Traditional, well-known fabrics like denim, jean, linen, muslin, satin, silk, and velvet were used. Items that caused confusion due to mixed definitions were alamode, bearskin, drill, holland, and shalloon.[1] Alamode is today used to refer to ice cream with pie, though its origin is the French saying a la mode meaning “in the fashion of.” To the craftsman of the eighteenth century, it was a lightweight silk fabric used for scarves and hoods.[2] Bearskin was not literally referred to as the skin of a bear, but instead it was a thick, woolen cloth often provided to slaves as outerwear.[3] Drill is not an electronic power tool used in construction; drill in the accounts was a strong, twilled cotton often used for summer clothing.[4] Ask most people what holland is and they will tell you it is a country. Ask the shopkeeper in Colchester, and you will be supplied with a linen fabric which got its name from where it was made.[5] Something like shalloon would sound foreign to the average American, though it was a very common, cheap, wool cloth used for lining clothing and pockets.[6]

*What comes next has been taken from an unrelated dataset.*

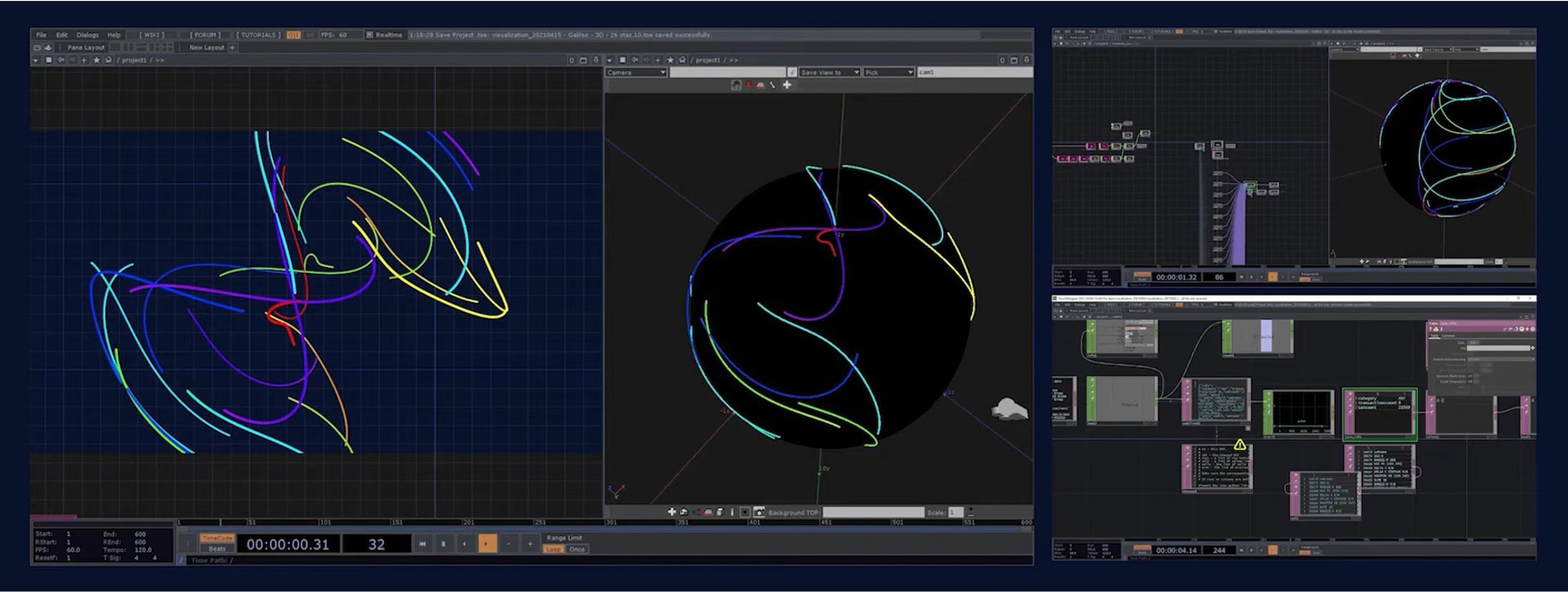 艺术家Smith与Gao运用了N2YO(Near 2 You Online,意为“近你在线”)的应用程序接口。这个接口能提供卫星的精确位置信息(包括经纬度与高度)。随后,他们通过TouchDesigner软件平台——一个专门用于创作交互式媒体的工具——将这些数据转化为视觉图像。每颗卫星的位置都会被映射到一幅画面中,其RGB色彩数值实时对应卫星的坐标,从而生成一幅实时变化的动态星图。

If you take a good look through the Glassford and Henderson ledger from the mid-eighteenth century, you’ll find that the usual fabrics from today and the more unusually titled fabrics explained here were bought in similar volumes and similar frequency. When you find something shocking, strange, or at odds with your modern perspective during research of an era past, fear not. There is likely a very simple explanation when you look into the context and add a little more digging into your research.
[1] Alexander Henderson, et. al. Ledger 1760-1761, Colchester, Virginia folio 52, 59, 158 Debit, from the John Glassford and Company Records, Manuscript Division, Library of Congress, Washington, D.C., Microfilm Reel 58 (owned by the Mount Vernon Ladies’ Association).
[2] Dictionary.com, “Alamode,” accessed March 23, 2017, http://www.dictionary.com/browse/alamode.
[3] Gaye Wilson, “Slave Clothing,” Thomas Jefferson’s Monticello, accessed March 23, 2017, https://www.monticello.org/site/plantation-and-slavery/slave-clothing.
[4] Dictionary.com, “Drill,” accessed March 23, 2017, http://www.dictionary.com/browse/drill.
[5] Linda Baumgarten, “Looking at Eighteenth-Century Clothing,” Colonial Williamsburg Online Resources, accessed March 23, 2017, http://www.history.org/history/clothing/intro/clothing.cfm.
[6] Peter Earle, Making of the English Middle Class: Business, Society, and Family Life in London (London: Methuen, 1991), 288.